(Data items)
------------------------------------

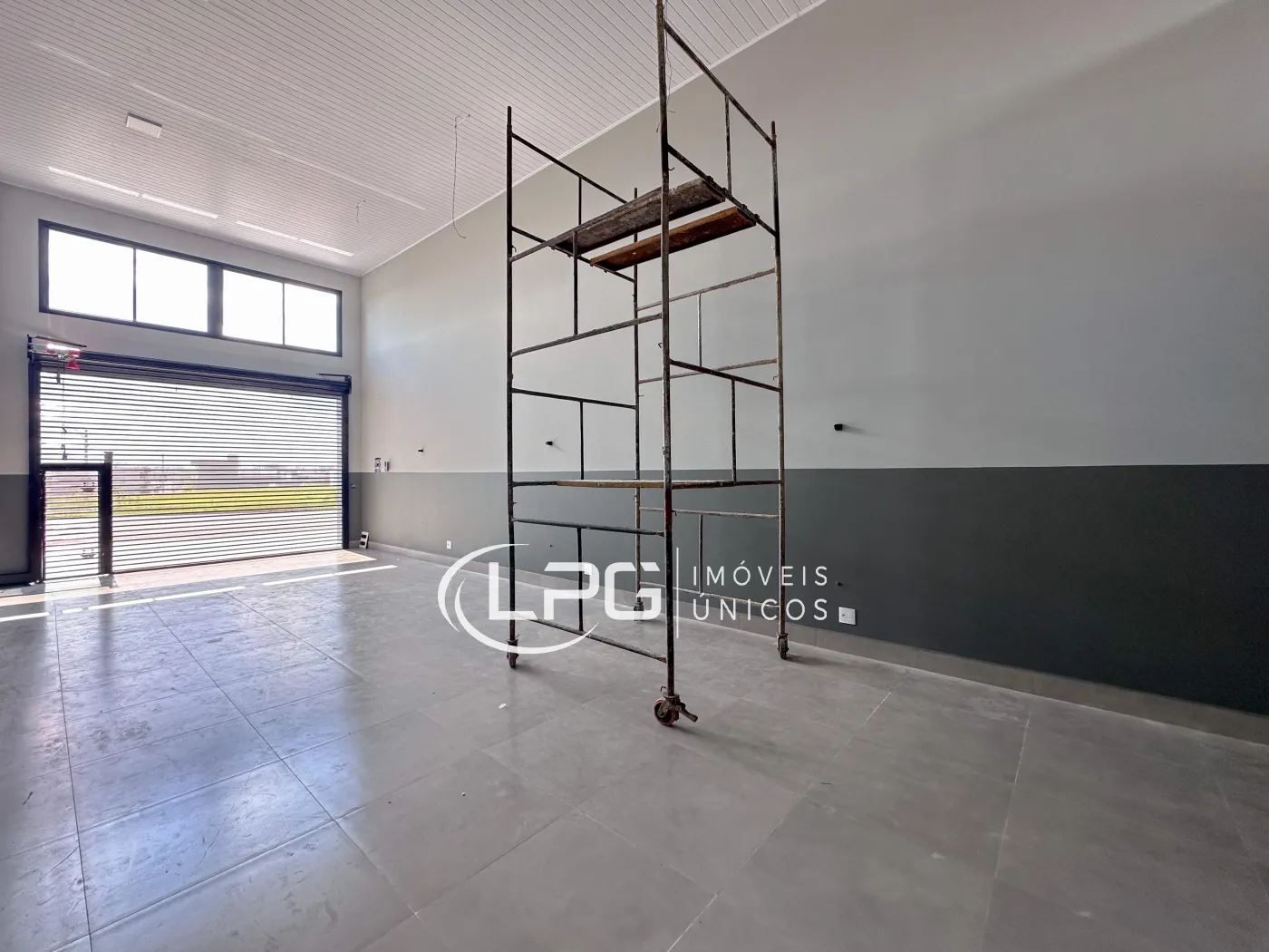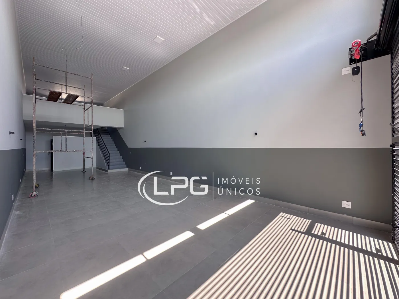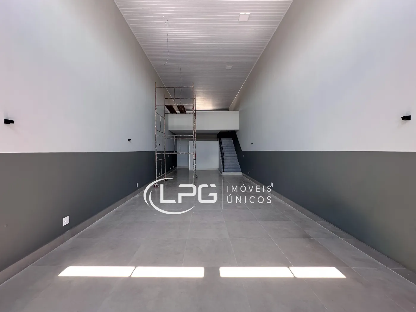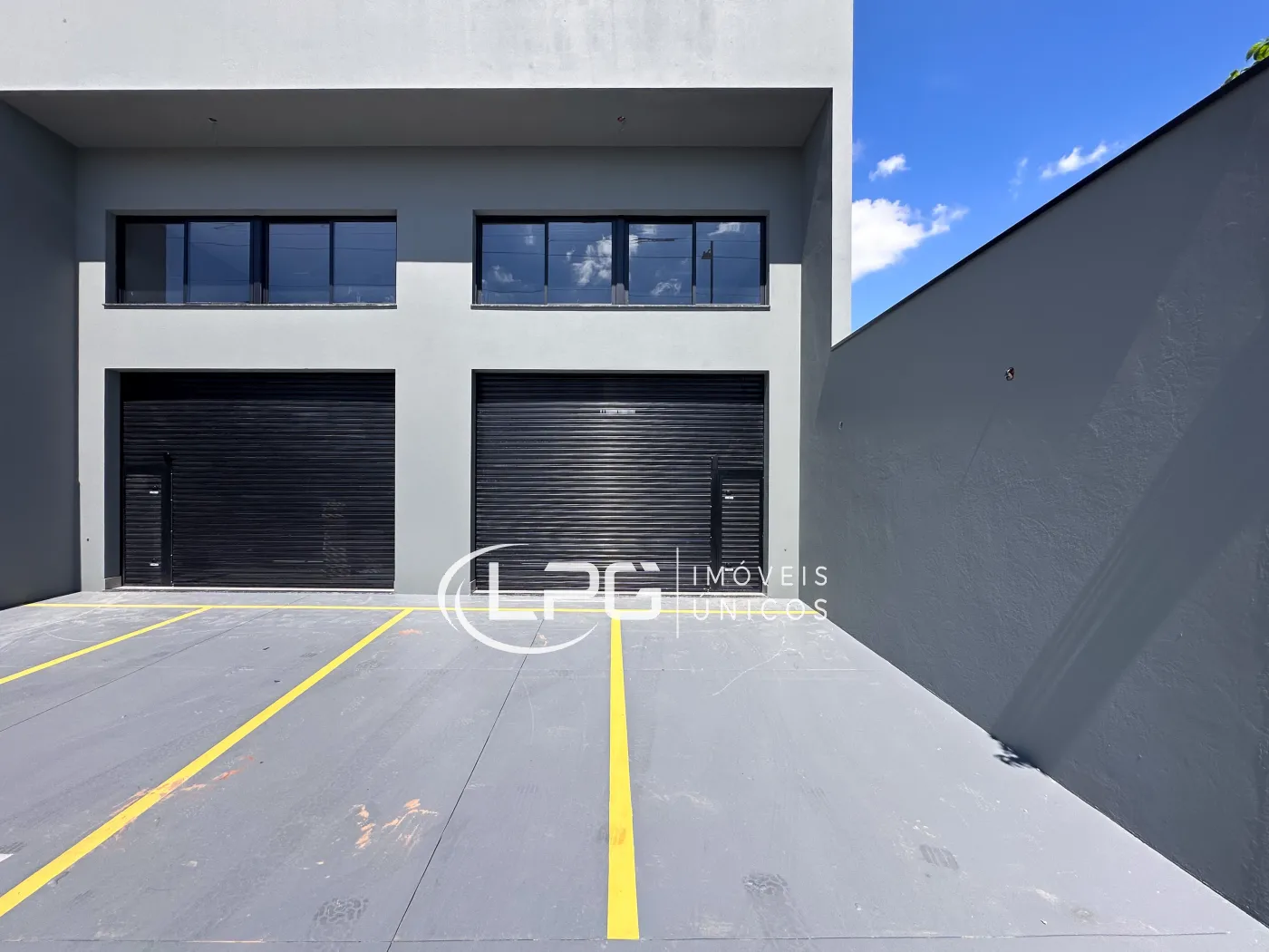 Com sua fachada moderna, o espaço conta com 110m² no pavimento térreo e mais 30m² de mezanino, totalizando 140m² bem distribuídos. Ele possui 2 banheiros e 2 vagas de garagem, oferecendo praticidade e funcionalidade para diferentes tipos de atividade.
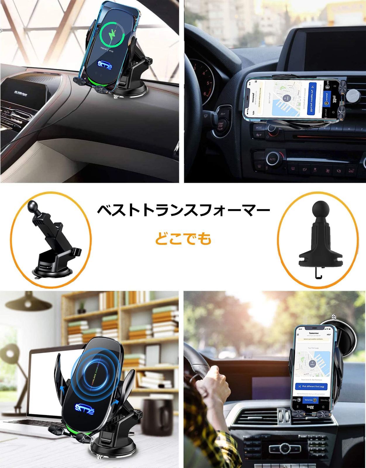 15W高速ワイヤレス充電:15W高速ワイヤレス充電ホルダーはLG G7 ThinQ V30+、Huwei Mate20 Pro/Mate20 RS/P30 Pro/P40 Pro、XiaoMI: MIX2S/MIX3 / NI9/10、IPhone 13/ 13 Mini/ 13 Pro/ 13、Pro Max/ 12/ 12 Pro/ 12 Mini/ 11/ 11 Pro/ 11 Pro Max/ Xs/ Xs Max/ Xr/ X/ 8、適用Samsung Galaxy S22/ S21 Ultra/ S21 Plus/ S21/ Note 20 Ultra/ Note 20/ S20/ S20 Plus/ S10 Edge/ Note 10 Plus/ S9 Plus/ S9/ Note 8/ S8 Plus/ S8/ S7 Edge/ Note 5/ S7/ Note 7の高速ワイヤレス充電を対応します。
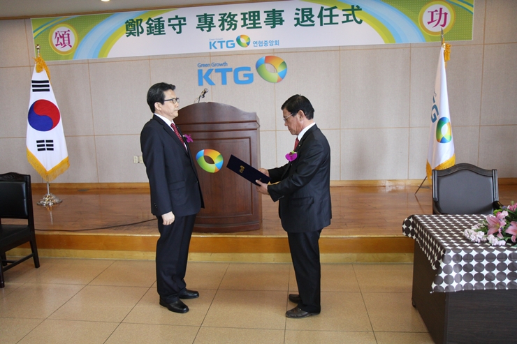 2014년 3월 28일 KTGO 연협중앙회 대강당에서 정종수 전무이사의 퇴임식을 가졌습니다. 이로써 2011년 4월 1일 선임이후 2014년 3월 31일까지 3년의 임기를 마무리 하게되었습니다.
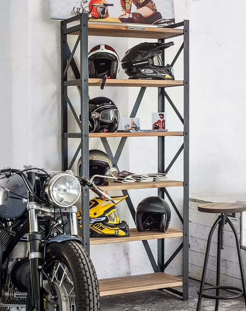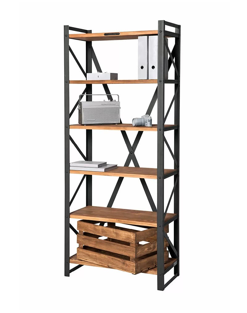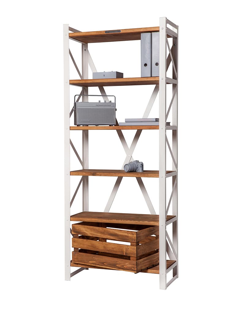 Стеллаж «Классик 80» сделан из металлического уголка и полосы, проклепанных стильными мебельными болтами. Полки из мебельного соснового щита, покрытого маслом и воском. В отличии от многих мебельных фабрик, компания «La loft» предпочитает использовать натуральное дерево, а не ДСП или МДФ.
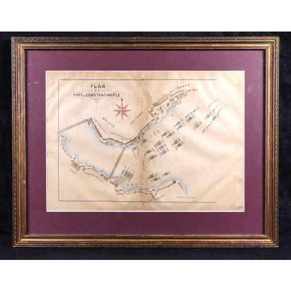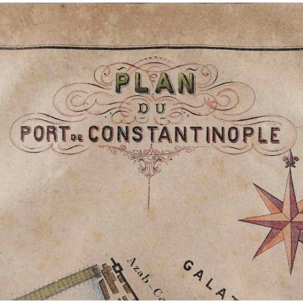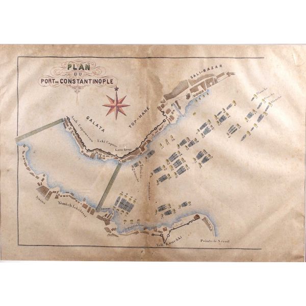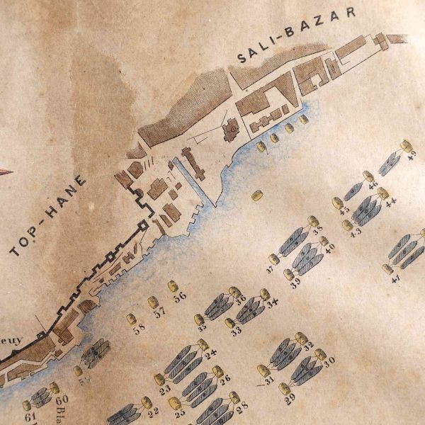Haliç´te, İstanbul [tarihî yarımada] ve Beyoğlu kıyılarındaki iskele ve limanları gösteren planda Yemiş İskelesi, Azapkapı, Eskikapı, Karaköy, Tophane, Salı Pazarı gibi mühim noktalar detaylarıyla gösterilmiştir.
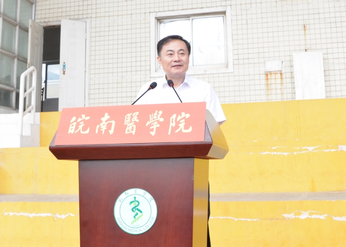 党委副书记、院长廖圣宝发表了热情洋溢的讲话。他介绍了学校发展历程、办学特色和办学成绩,表示学校自1958年建校以来,始终坚持立德树人根本任务,始终与国家发展同向同行,已形成集全日制本科教育、研究生教育、成人高等教育、留学生教育于一体的人才培养体系,涌现出一批诲人不倦的知名教授、大师和一大批爱岗敬业的优秀教师,用行动诠释了“精医、尚德、求实、自强”的校训,铸就了“艰苦创业、求实自强、奉献社会”的皖医精神。作为新“皖医人”,同学们将与学校同发展、共成长,将成为学校“大学梦”的圆梦人和见证者,为皖医增添新的力量,带来新的希望。

------------------------------------

*Task prompt:* In the copy, keep every line of the data above exactly and drop each picture.

*Your response:*
 Com sua fachada moderna, o espaço conta com 110m² no pavimento térreo e mais 30m² de mezanino, totalizando 140m² bem distribuídos. Ele possui 2 banheiros e 2 vagas de garagem, oferecendo praticidade e funcionalidade para diferentes tipos de atividade.
 15W高速ワイヤレス充電:15W高速ワイヤレス充電ホルダーはLG G7 ThinQ V30+、Huwei Mate20 Pro/Mate20 RS/P30 Pro/P40 Pro、XiaoMI: MIX2S/MIX3 / NI9/10、IPhone 13/ 13 Mini/ 13 Pro/ 13、Pro Max/ 12/ 12 Pro/ 12 Mini/ 11/ 11 Pro/ 11 Pro Max/ Xs/ Xs Max/ Xr/ X/ 8、適用Samsung Galaxy S22/ S21 Ultra/ S21 Plus/ S21/ Note 20 Ultra/ Note 20/ S20/ S20 Plus/ S10 Edge/ Note 10 Plus/ S9 Plus/ S9/ Note 8/ S8 Plus/ S8/ S7 Edge/ Note 5/ S7/ Note 7の高速ワイヤレス充電を対応します。
 2014년 3월 28일 KTGO 연협중앙회 대강당에서 정종수 전무이사의 퇴임식을 가졌습니다. 이로써 2011년 4월 1일 선임이후 2014년 3월 31일까지 3년의 임기를 마무리 하게되었습니다.
 Стеллаж «Классик 80» сделан из металлического уголка и полосы, проклепанных стильными мебельными болтами. Полки из мебельного соснового щита, покрытого маслом и воском. В отличии от многих мебельных фабрик, компания «La loft» предпочитает использовать натуральное дерево, а не ДСП или МДФ.
Haliç´te, İstanbul [tarihî yarımada] ve Beyoğlu kıyılarındaki iskele ve limanları gösteren planda Yemiş İskelesi, Azapkapı, Eskikapı, Karaköy, Tophane, Salı Pazarı gibi mühim noktalar detaylarıyla gösterilmiştir.
 党委副书记、院长廖圣宝发表了热情洋溢的讲话。他介绍了学校发展历程、办学特色和办学成绩,表示学校自1958年建校以来,始终坚持立德树人根本任务,始终与国家发展同向同行,已形成集全日制本科教育、研究生教育、成人高等教育、留学生教育于一体的人才培养体系,涌现出一批诲人不倦的知名教授、大师和一大批爱岗敬业的优秀教师,用行动诠释了“精医、尚德、求实、自强”的校训,铸就了“艰苦创业、求实自强、奉献社会”的皖医精神。作为新“皖医人”,同学们将与学校同发展、共成长,将成为学校“大学梦”的圆梦人和见证者,为皖医增添新的力量,带来新的希望。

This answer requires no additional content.